**Data provided:**
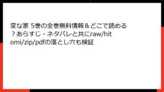 変な家 変な家 5巻の全巻無料情報&どこで読める?あらすじ・ネタバレと共にraw/hitomi/zip/pdfの落とし穴も検証 変な家 5巻のあらすじ詳解人気ミステリー漫画『変な家』の5巻は、片淵家の暗い秘密が遂に明かされる完結編的な位置づけです。これまでの謎が次々と解明され、家族の絆と呪いの連鎖が交錯するストーリーが展開します。以下では、物語の流れを詳しく追いなが... 2025.12.22 変な家青年マンガ・コミック
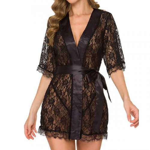 Пеньюар из нежного кружева с цветочным рисунком. Полы фиксируются атласным поясом. Длина рукава - до локтя. Длина по спинке - около 85 см. Трусики-стринги в комплекте. Цвет черный. Размер S/M (44-46).
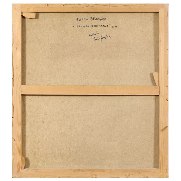 85x75 cm."La conta delle stelle", 1977, olio su tela, firmato e datato in basso a destra, firmato, titolato e datato sul retro
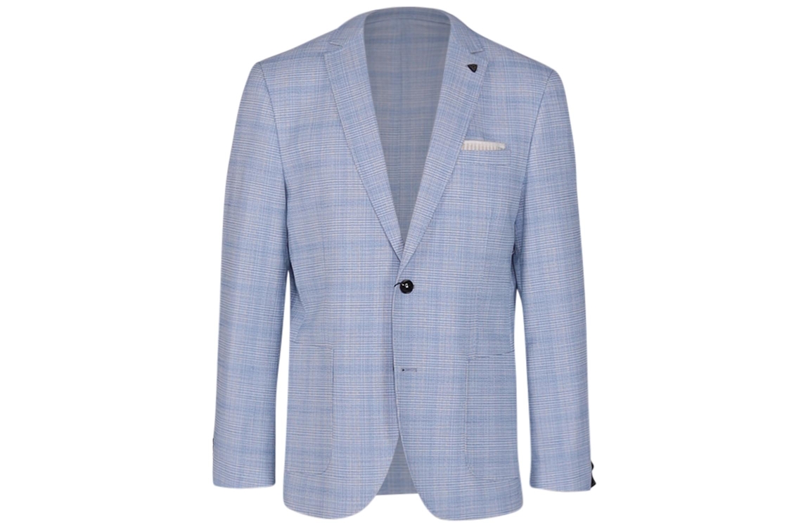 Scotland Blue colbert SPE251037LE74SB. Dit regular fit model sluit aan de voorzijde met twee knopen, beschikt over een omgevouwen kraag en heeft lange mouwen. Deze blauw/wit kleurige colbert van Scotland Blue is voorzien van twee zakken en een paspelzak aan de voorzijde, een borstzakje en drie binnenzakken. Er zit een speldje op de linkerzijde van de kraag.
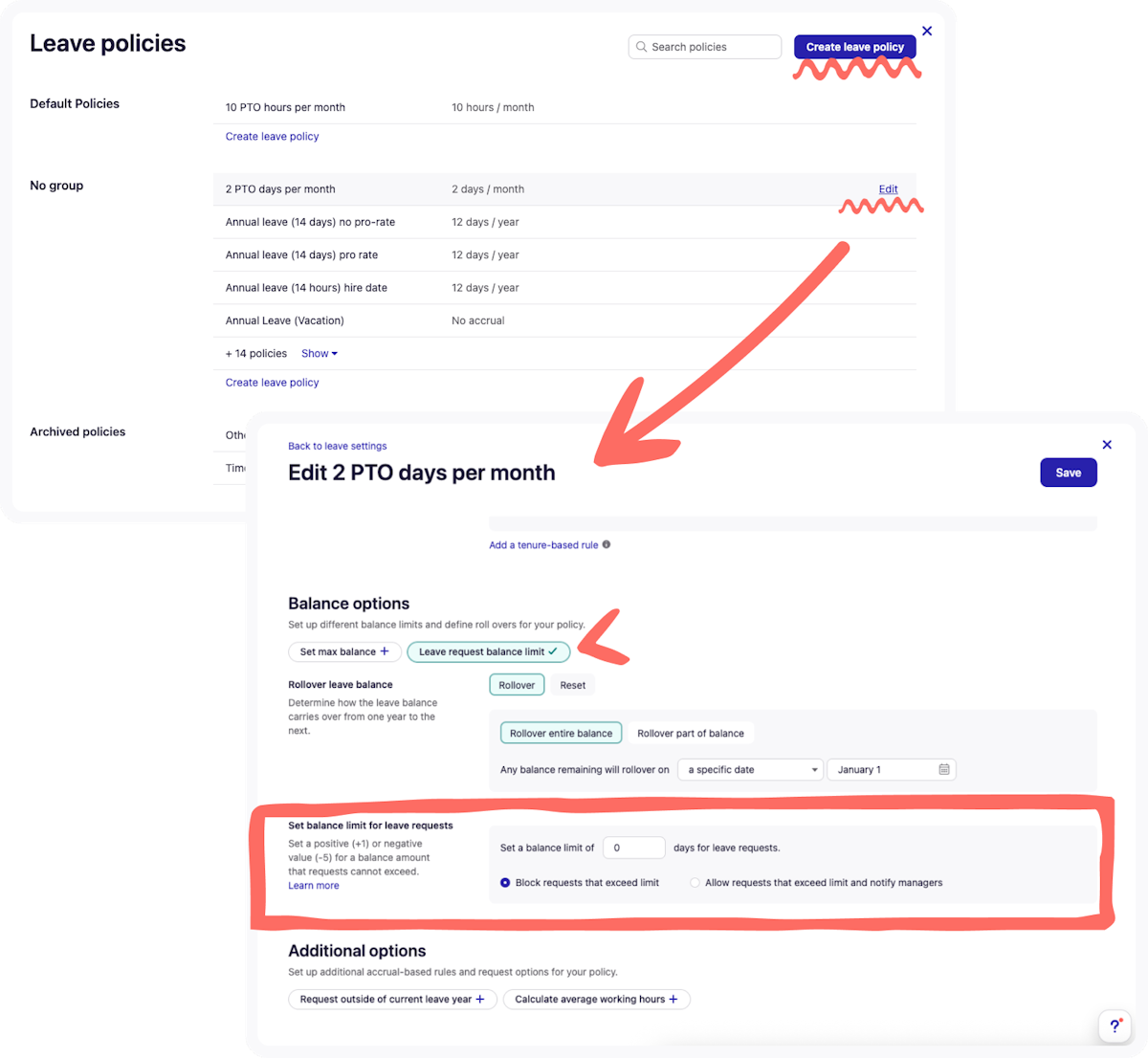 Within our Leave policy builder, you can now set positive or negative balance limits, to best reflect the policy you have in place across your business (for example, allowing employees to go into 2 days of negative leave).Set approval guardrails that make sense

**Aim of the exercise:** All of the material above should be copied exactly, minus the pictures.

**Response to this exercise:**
 変な家 変な家 5巻の全巻無料情報&どこで読める?あらすじ・ネタバレと共にraw/hitomi/zip/pdfの落とし穴も検証 変な家 5巻のあらすじ詳解人気ミステリー漫画『変な家』の5巻は、片淵家の暗い秘密が遂に明かされる完結編的な位置づけです。これまでの謎が次々と解明され、家族の絆と呪いの連鎖が交錯するストーリーが展開します。以下では、物語の流れを詳しく追いなが... 2025.12.22 変な家青年マンガ・コミック
 Пеньюар из нежного кружева с цветочным рисунком. Полы фиксируются атласным поясом. Длина рукава - до локтя. Длина по спинке - около 85 см. Трусики-стринги в комплекте. Цвет черный. Размер S/M (44-46).
 85x75 cm."La conta delle stelle", 1977, olio su tela, firmato e datato in basso a destra, firmato, titolato e datato sul retro
 Scotland Blue colbert SPE251037LE74SB. Dit regular fit model sluit aan de voorzijde met twee knopen, beschikt over een omgevouwen kraag en heeft lange mouwen. Deze blauw/wit kleurige colbert van Scotland Blue is voorzien van twee zakken en een paspelzak aan de voorzijde, een borstzakje en drie binnenzakken. Er zit een speldje op de linkerzijde van de kraag.
 Within our Leave policy builder, you can now set positive or negative balance limits, to best reflect the policy you have in place across your business (for example, allowing employees to go into 2 days of negative leave).Set approval guardrails that make sense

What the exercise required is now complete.